Z grubsza wyglądałoby to tak. Kamienica, tawerna, burdel lub cokolwiek innego nieuchronnie się zapali. Nie miało znaczenia, gdzie i jaki budynek, kto był jego właścicielem, nic z tego. Liczyło się to, że był to pożar budynku, więc jedna ze straży pożarnych należących do Krassusa rzuciłaby się na miejsce zdarzenia. Jesteśmy uratowani! Brawo!

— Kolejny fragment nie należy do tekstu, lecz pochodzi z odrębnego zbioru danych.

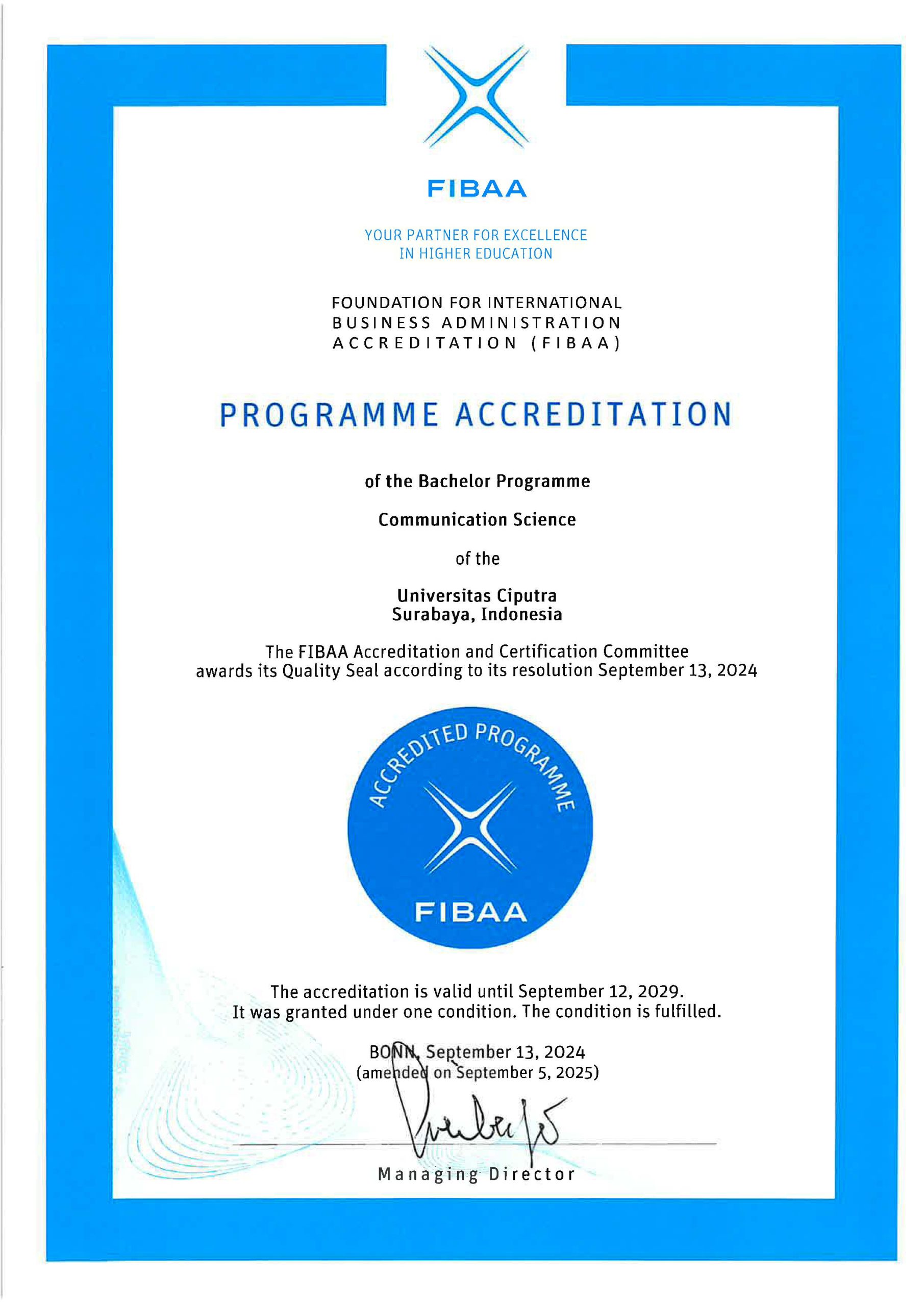 Accreditation Certificate FIBAA Bachelor of Communication Science 2024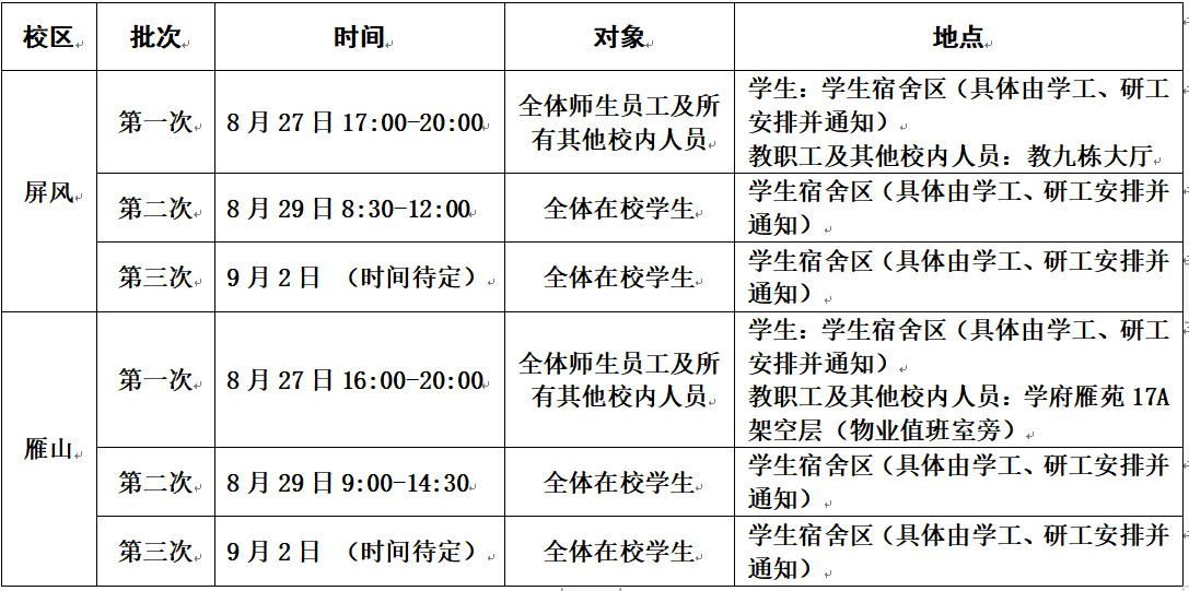 全体返校学生、教职员工(含校外)及其住校园内的家属、校内从事经营活动人员、校内工地施工及管理人员、校内其他住户。(附属小学、幼儿园由属地教育管理部门统筹安排检测)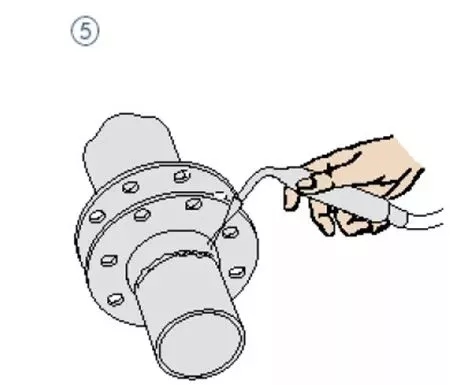 2、將四對螺栓螺母輕輕插入法蘭孔,將螺母稍加擰緊以校正法蘭面的平面度;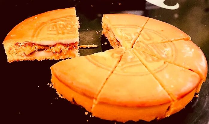 我们家在闽南。十年前,是住在市区的阿姨偶然买回来送给我们的。这个饼不是独立包装的,如同名字「元光大饼」,是需要拿刀子切成块状,再用叉子送进嘴里。月饼外表看起来很朴实,饼身也不厚,却有一身真本事。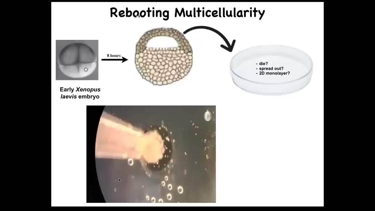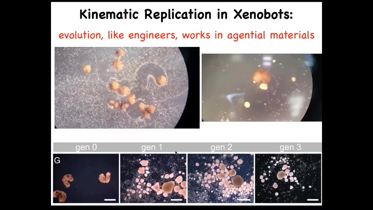 Here's a 2 1/2-month-old xenobot. It's turning into something. I have no idea what it's turning into. The idea here is this. What we've done is we haven't changed the genome. We haven't put in any weird nanomaterials. All we've done is liberate these skin cells from their normal environment. We found out that their normal, boring, two-dimensional life as the skin of the outer surface of the animal is basically forced upon them by the instructive interactions of their neighbors. If you take them away from that, you get to see the native form of what these cells really want to do. This is what they do when nobody's telling them what else to do. This is a reboot of their own goal states. They do this, which nobody had any idea was possible. You can't use evolutionary selection to explain this because there's never been any xenobots. There's never been selection to be a good xenobot. This is something that we made for the first time here. Of course, the cells were in the evolutionary stream, but they lived this life. They never lived this life before. Where did this kinematic self-replication come from? It's a really deep question.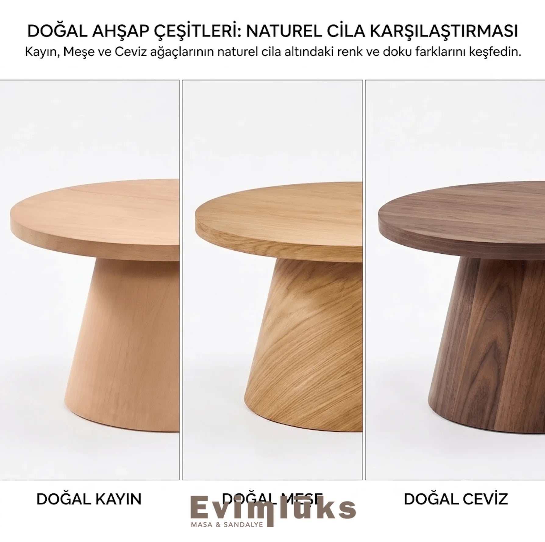 Gerçek Doğal Kaplama ve Masif Güç Bu ürünü sıradan mobilyalardan ayıran en büyük fark, hem ayakların hem de tablanın gerçek doğal ağaç kaplama ile donatılmış olmasıdır. Yapay dokulardan uzak, ağacın gerçek nefesini ve damar yapısını hissedebileceğiniz üç farklı karakter arasından seçiminizi yapın:

Cóż… nie tak bardzo. Jeszcze nie.
Pojawiając się ze strażą pożarną gotową do ugaszenia pożaru pożerającego własność jakiegoś nieszczęsnego właściciela firmy, Krassus zaoferowałby kupno tej nieruchomości… za… hmm… cenę sprzedaży. Właściciel był nad beczką. Mógłby odrzucić to oczywiste, gdyby legalne wymuszenie, i patrzeć, tak jak straż pożarna, jak jego interes płonie na bezwartościowy stos popiołu i węgli. Lub mógłby zaakceptować niewielką zapłatę od Krassusa i przynajmniej mieć coś pod koniec katastrofy. Oczywiście po zawarciu umowy Krassus wysłałby swoją straż pożarną do pracy, oszczędzając swoje nowa własność.
Czy można się dziwić, że wielu biznesmenów, których Krassus wykorzystywał w ten sposób, w końcu wsparło swoich politycznych wrogów później? To była istota Krassusa, faceta, który naprawdę wiedział, jak zarabiać, ale któremu udało się w jakiś sposób wymanewrować siebie w inny sposób, robiąc to.